Evolutionary analysis of the relaxin peptide family and their receptors
Professor Terry Speed
Department of Statistics, UC Berkeley

Relaxin is a peptide hormone with an important reproductive function, and is a member of a broader family of peptide hormones with diverse reproductive and non-reproductive functions. A research group at the Howard Florey Institute in Melbourne has been studying this hormone for many years, so when a student there, Tracey Wilkinson, was looking for a thesis topic in applied bioinformatics, the title of this talk seemed to be a potentially fruitful one. That turned out to be the case, and this talk will summarize some of Tracey's many interesting results. This is a wonderful time to be studying gene families, and I hope to convince you that pure and applied molecular evolution is a facscinating area of genome science.

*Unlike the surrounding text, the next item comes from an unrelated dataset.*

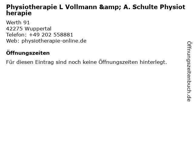| Physiotherapie L Vollmann & A. Schulte Physiotherapie anrufen | |
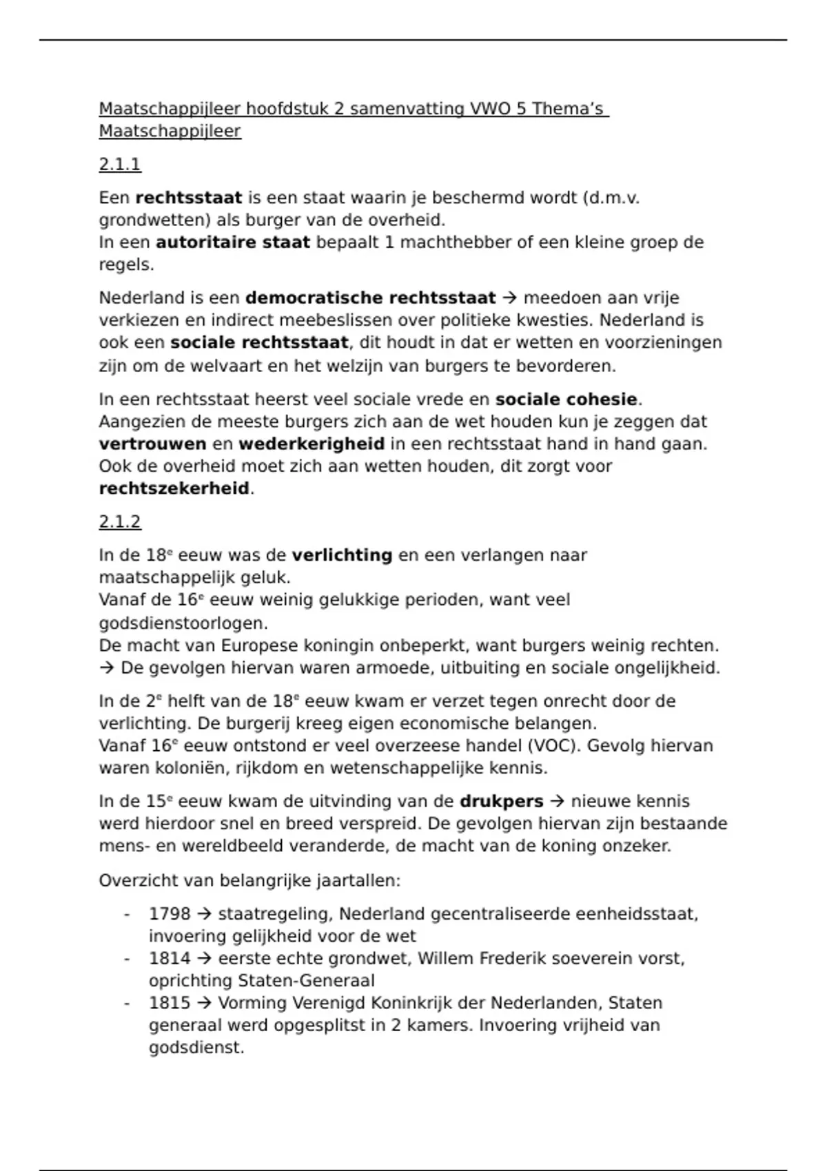 Maatschappijleer hoofdstuk 2 samenvatting VWO 5

Joint work with Tracey Wilkinson.


TO BE RESCHEDULED

Molecular basis and consequences of phase variation in Vibrio cholerae
Professor Fitnat Yildiz
Department of Environmental Toxicology, UC Santa Cruz

V. cholerae, the causative agent of the disease cholera, is a natural inhabitant of aquatic environments. The pathogen causes periodic, seasonal cholera outbreaks in regions where the disease is endemic and can spread worldwide in pandemics. The ability of V. cholerae to cause epidemics is linked to its survival in aquatic habitats. The capacity of V. cholerae to undergo a phase variation event, that results in the generation of two morphologically different colony variants termed smooth and rugose, is predicted to be important for the survival of the pathogen in natural aquatic habitats. With the availability of the completely sequenced genome of V. cholerae, we employed a genome-wide approach to understand the molecular basis and molecular consequences of smooth-to-rugose phase variation. To this end, we performed whole genome expression profiling studies of smooth and rugose phase variants and of the regulatory mutants. Analysis of the expression data revealed that "rugosity" and "smoothness" is modulated by second messenger cyclic di-guanylic acid (c-diGMP) and controlled by a complex hierarchy of positive and negative transcriptional regulators. In this talk, I will describe genetic and genomic characterization of networks controlling phenotypic variation V. cholerea.